Over the past decades, several nomograms for recurrence and/or survival of localized RCC have been developed and applied in clinical practice5,6,7,8. Among them, the Kattan nomogram based on pathological T stage, nuclear grade, tumor size, necrosis, vascular invasion, and clinical presentation was the first introduced and widely used model5,6. Subsequently, the Leibovich model was developed by Mayo Clinic to estimate the risk of metastasis or recurrence using tumor stage, regional lymph node status, tumor size, nuclear grade and histologic tumor necrosis7. The most recently developed model known as the GRANT score was based on patient age, nuclear grade, and pathologic T/N stage8. However, these models were developed and validated using a small cohort from a single institution. In addition, they were limited to Western datasets. Moreover, their prediction accuracies were not as high as expected. For most models, their accuracy values were around 0.75,6,7,8.
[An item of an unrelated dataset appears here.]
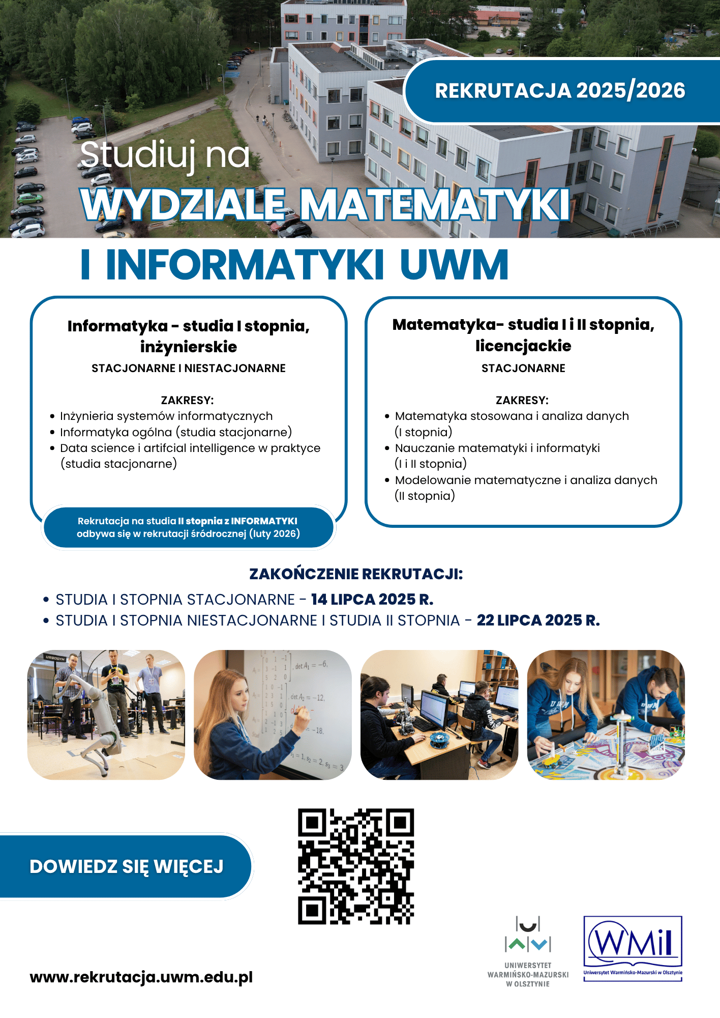 6 czerwca 2025 r. rozpoczęła się rekrutacja na studia na Wydziale Matematyki i Informatyki Uniwersytetu Warmińsko-Mazurskiego w Olsztynie. To świetna okazja, aby dołączyć do akademickiej społeczności, która łączy pasję do nauki z praktycznym podejściem do rozwoju zawodowego.
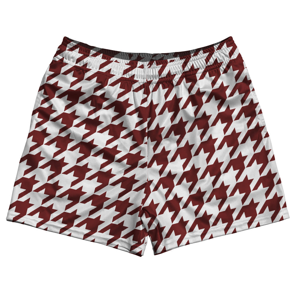 - Red Maroon And White Houndstooth Rugby Shorts Made In USA

Thus, we tried to develop a novel prediction model for recurrence and survival in patients with localized RCC after surgery using a large Asian nationwide dataset. We also used a novel statistical method of machine learning (ML) to improve accuracy in predicting outcomes.
Materials and methods
Ethics statement
The Institutional Review Board (IRB) of Seoul National University Bundang Hospital approved this study (approval number: B-2106-688-108). The requirement for obtaining written informed consent from patients was waived by the IRB due to the retrospective nature of this study. Personal identifiers were completely deleted to ensure that data were analyzed anonymously. Our study was conducted according to the ethical standards of the 1964 Declaration of Helsinki and its later amendments.
Data sets
The KOrean Renal Cell Carcinoma (KORCC) database was first established in 2011. It had data from eight academic institutions nationwide9. Recently, data of each institution were updated from March to June 2021. Subsequently, the updated KORCC database covered data of a total of 10,068 patients who had received surgery for RCC with 206 variables, including demographic, perioperative, pathologic, and survival information.
Model development (n = 4,829) and internal validation (n = 2,070) were performed using data from seven centers except data from Seoul National University Bundang Hospital (SNUBH, n = 3,169). External validation was performed using data from the SNUBH to assess the generality of the model performance. SNUBH was suitable for external validation because of its size and diverse patient population.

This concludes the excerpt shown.